I was walking around a mall HURRIEDLY looking for a top to wear for an event. I caught a glimpse of a group of men as I walked, but I was only thinking about how to get around them as quickly as possible.

There was one guy that may have been looking at me, but I wasn’t paying much attention initially. I dashed into a store and in about 90 seconds tops I started making my way to the exit. As I was leaving, I felt eyes on me again. I look to my right and see the same guy. And as we made eye contact, he began to laugh.

And then it hit me.

He had come into the store to talk to me. I was so busy and unavailable that there was no real room for him to approach me.

Disclaimer

After that event, I started to pay closer attention to my demeanor and typical habits when I was out.

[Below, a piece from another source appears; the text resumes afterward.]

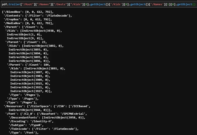 I have been trying few python libraries to read data from a PDF made using FrameMaker. I am able to fetch hyperlinks that point to external public web pages. But I am not able to find the hyperlink URI for cross reference links. For example,

Some common themes on how I didn’t look available

  • Walking with head down
  • Trekking around places quickly
  • Using my phone (texting, on calls, playing around on apps)
  • RBF (yep, I had a serious face and a focused stare ahead)
  • Quickly looking away if eye contact ever did occur

Now do any of the above items say “available” or interested? Absolutely not. It looked like I didn’t want to be bothered at all most days.

The encounter in the mall wasn’t the only time I was made aware that I didn’t “look available” or interested, but it was the first time it was blatantly obvious. I could no longer ignore it and make excuses as to why men (and people in general) hesitated to speak to me. Because truth be told, I could’ve possibly missed out on meeting friendly strangers as well. Sometimes small interactions with people you don’t know are so wholesome.

Changes I Made to Look and Be More Available

I tested out what would happen if I did the opposite of the list above.

Ways to Easily Look Available

  • Slow down when you’re out in public. When possible, stroll and take your time.
  • As much as possible, stay off your phone or at least look up often and notice your surroundings.
  • Look up and grin when you see people. If this is out of your comfort zone, that’s why you’re practicing now! Do it with everyone. It’s spreading joy and one day a grin might end up going to a nice looking man (just saying).
  • Keep the eye contact when you lock eyes with someone. Smile and say hello or at least nod your head. Acknowledging people is friendly and is often lacking these days.

Looking Available is About Being Inviting

Do you notice the one thing that the entire list above has in common? All of these actions describe someone that feels inviting. You don’t fully know someone’s personality when you first meet them, but some people just feel pleasant and warm. When you slow down and are open to engaging with people, others can feel your openness. There’s often more of a calmness to you as well.

Obviously, you will have moments when you are in a rush and there will be times you don’t want to talk to people. That’s okay. Remember when I said “looking available is being available?” Sometimes you won’t be available. The cool thing is when you find moments where you can slow down, you’ll feel so much more at ease.

So give yourself permission to slow down more often and to be open to meeting people.

Extra Tip for Looking Available

Be ready! Don’t be so surprised when someone approaches you that you completely shut down. It might feel completely out your comfort zone if you’re not used to engaging with people randomly.

I gave a friend my “looking available tips” from above and within one week a man approached her at the grocery store. She got so nervous that she rushed off. As mentioned before, there’s no guarantee with this approach but it can work. And even if this helps you to engage with more people or get out of your comfort zone, still count that as a win! You’ll be ready when the time does come.

God’s timing is perfect and even if dating has been challenging, I pray you stay encouraged. I pray you continue to pour into areas you are gifted and use those gifts well. Let your own cup be poured into as well and find joy in all that God has blessed you with in this season.